Reliance Long Term Equity Fund

Reliance Long term Equity Fund is managed by Mr. Sunil Singhania and Mr. Samir Racch. The fund primarily focuses on the small and mid cap companies. The fund defines the small and mid cap stocks as follows: any stock having market capitalisation below Rs. 250 crores as a small cap stock and any stock having market capitalisation between Rs 250 crores to Rs. 1500 crores as a mid cap stock. If you have already invested in this scheme exit now. New investors can skip this fund for a better performing fund in this category.

Where does Reliance Long Term Equity Fund invest your money?

Reliance Long term Equity Fund is a mid and small cap fund which means majority of your money will be invested in stocks of medium and small sized companies. Large cap companies tend to be stable compared to mid cap and small cap companies. And just to give kicker returns it has exposure to mid cap companies. Presently it has just 13.32% exposure to large sized companies and 17.18% exposure to mid sized companies and 69.5% exposure in small sized companies.

Suitable for what?
  • Creating wealth
  • Lifestyle needs
Not suitable for what?
  • Child's education
  • Child's marriage
  • Planning for retirement
  • Home Purchase
How has Reliance Long Term Equity Fund performed in the past?

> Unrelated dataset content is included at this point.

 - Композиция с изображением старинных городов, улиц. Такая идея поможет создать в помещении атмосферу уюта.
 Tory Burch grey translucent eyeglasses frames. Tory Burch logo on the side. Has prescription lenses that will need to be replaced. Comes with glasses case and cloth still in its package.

If you had invested Rs 1 lakh when the fund was launched in December 2006, your value of investments would be around Rs 1.5 lakhs. If you had invested Rs 1 lakh 5 years back, your value of investments would be around Rs 1.25 Lakhs. The performance has not been similar to other mid and small cap mutual funds. It has been giving around 4.6% returns for those who have stayed invested for 5 years.  

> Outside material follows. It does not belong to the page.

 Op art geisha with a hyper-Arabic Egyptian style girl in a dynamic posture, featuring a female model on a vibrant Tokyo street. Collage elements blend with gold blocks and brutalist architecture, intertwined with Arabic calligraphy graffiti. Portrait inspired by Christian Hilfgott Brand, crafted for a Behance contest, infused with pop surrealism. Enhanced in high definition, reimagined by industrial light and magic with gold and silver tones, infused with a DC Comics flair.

Assume you had invested Rs 10,000 every month in Reliance Long term Equity Fund through SIP for 5 years today you would have around Rs 7.52 lakhs.

Our recommendation for fresh investment
Not Recommended
Our recommendation for existing investment
Not Recommended
When to exit?

Withdraw when your goals are close to achievement. Do not remove the money when the markets go up or down. Do not panic. Stick to your goals.

How frequently you need to monitor the performance?

Once you invest in the fund do not get into the habit of checking the NAV daily or monthly. Review the performance once a year. Too much attention is not good.

What are the charges applicable?

A onetime fee of Rs 100 is charged on investments over Rs 10, 000 made through distributors. If you are a first time investor in mutual funds an additional Rs 50 is charged to cover KYC expenses. This is deducted from your investment and can be skipped if you buy directly from the mutual fund via their website or offices.

If units are sold within a year an exit load of 1% is deducted from your total returns. No exit load applies for units withdrawn post one year. Expense ratio of Reliance Long term Equity Fund is 2.04%. This is charged to recover the fund management company’s expenses on securities’ transactions, commissions, registrar fees, etc. Your mutual fund returns will be total returns less expense ratio.

What are the tax implications?

The returns in an equity mutual fund are absolutely tax free, provided you do not withdraw within 1 year.